PHP Chinese Word segmentation simple Implementation code sharing _php skills

Source: Internet
Author: User
Tags php class
Of course, this article is not to do research on Chinese search engines, but to share if using PHP to do a site search engine. This article is an article in this system.
The word breaker I use is the Ictclas of the open source version of the CAS Computing Institute. There are also open source Bamboo, and I will then investigate the tool.
Starting from Ictclas is a good choice, because its algorithm spread more widely, there are open academic documents, and the compilation is simple, the library relies on less. But currently only provides the C + +, Java and C # version of the code, and no PHP version of the code. What do we do? It may be possible to learn from its C + + source and academic documentation, and then develop a PHP version out of it. However, I want to use interprocess communication to invoke the C + + version of the executable file in the PHP code.
Download the source code after decompression, in the C + + Development Library and the compilation environment of the machine directly make Ictclas can. Its Makefile script has an error, and the code that executes the test does not add '. /', of course not as successful as under Windows execution. However, it does not affect the compilation results.
Chinese word of the PHP class is in the following, with the Proc_open () function to execute the word breaker, and through the pipeline and its interaction, input to the text to be participle, read the word segmentation results.
Copy Code code as follows:

<?php
Class nlp{
private static $cmd _path;
Do not end with '/'
static function Set_cmd_path ($path) {
Self:: $cmd _path = $path;
}
Private function cmd ($STR) {
$descriptorspec = Array (
0 => Array ("Pipe", "R"),
1 => Array ("Pipe", "w"),
);
$cmd = self:: $cmd _path. "/ictclas";
$process = Proc_open ($cmd, $descriptorspec, $pipes);
if (Is_resource ($process)) {
$str = Iconv (' utf-8 ', ' GBK ', $str);
Fwrite ($pipes [0], $STR);
$output = Stream_get_contents ($pipes [1]);
Fclose ($pipes [0]);
Fclose ($pipes [1]);
$return _value = Proc_close ($process);
}
/*
$cmd = "printf ' $input ' |". Self:: $cmd _path. "/ictclas";
EXEC ($cmd, $output, $ret);
$output = Join ("\ n", $output);
*/
$output = Trim ($output);
$output = Iconv (' GBK ', ' utf-8 ', $output);
return $output;
}
/**
* To the word, return the list of words.
*/
function Tokenize ($STR) {
$tokens = Array ();
$output = Self::cmd ($input);
if ($output) {
$ps = Preg_split ('/\s+/', $output);
foreach ($ps as $p) {
List ($seg, $tag) = explode ('/', $p);
$item = Array (
' Seg ' => $seg,
' Tag ' => $tag,
);
$tokens [] = $item;
}
}
return $tokens;
}
}
Nlp::set_cmd_path (DirName (__file__));
?>

It is simple to use (make sure that the Ictclas compiled executables and dictionaries are in the current directory):
Copy Code code as follows:

<?php
Require_once (' nlp.php ');
Var_dump (Nlp::tokenize (' Hello, world! '));
?>

Contact Us

The content source of this page is from Internet, which doesn't represent Alibaba Cloud's opinion; products and services mentioned on that page don't have any relationship with Alibaba Cloud.

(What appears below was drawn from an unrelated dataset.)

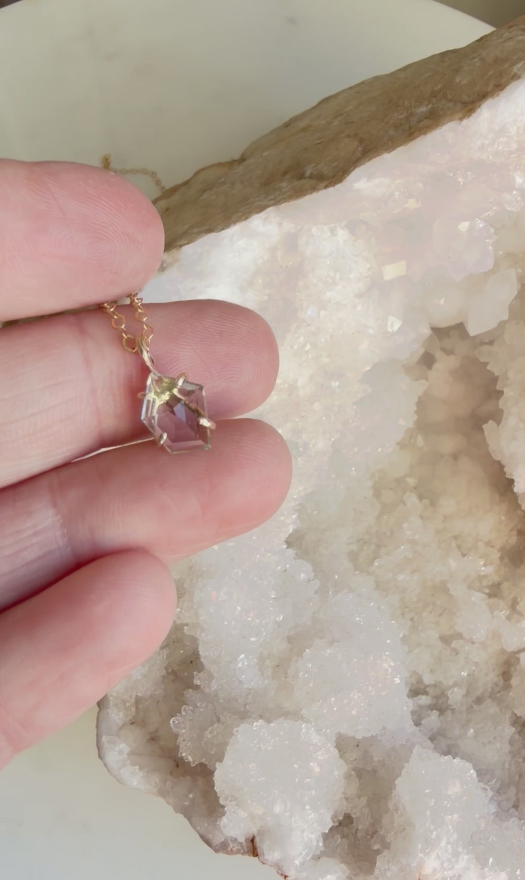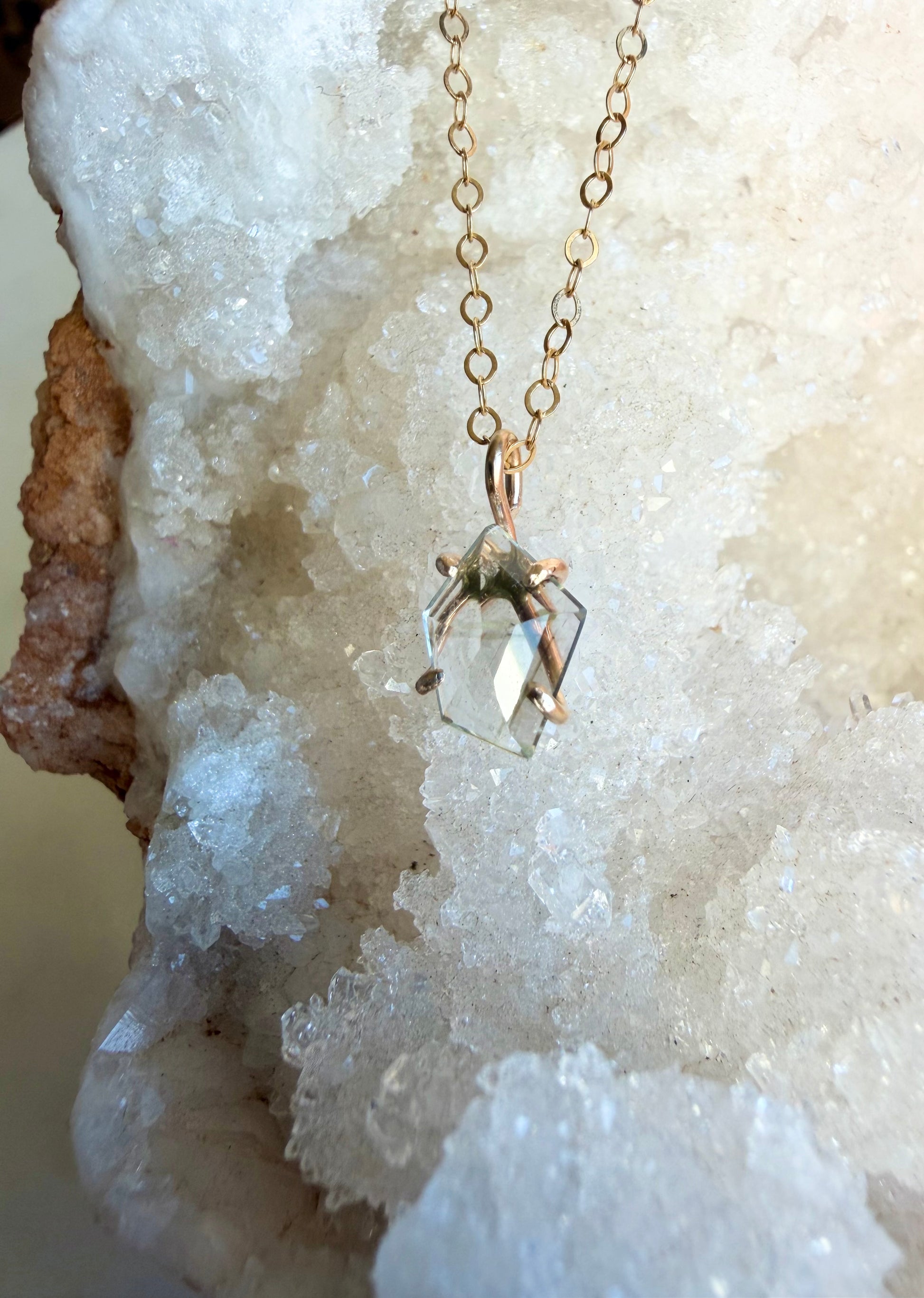 This sunstone is almost clear but has the palest seafoam green coloring at an angle. She’s a subtle color but has a beautiful sparkle, catching light from every direction on her rose cut face.

If the content of the page makes you feel confusing, please write us an email, we will handle the problem within 5 days after receiving your email.

If you find any instances of plagiarism from the community, please send an email to: info-contact@alibabacloud.com and provide relevant evidence. A staff member will contact you within 5 working days.

A Free Trial That Lets You Build Big!

Start building with 50+ products and up to 12 months usage for Elastic Compute Service

  • Sales Support

    1 on 1 presale consultation

  • After-Sales Support

    24/7 Technical Support 6 Free Tickets per Quarter Faster Response

  • Alibaba Cloud offers highly flexible support services tailored to meet your exact needs.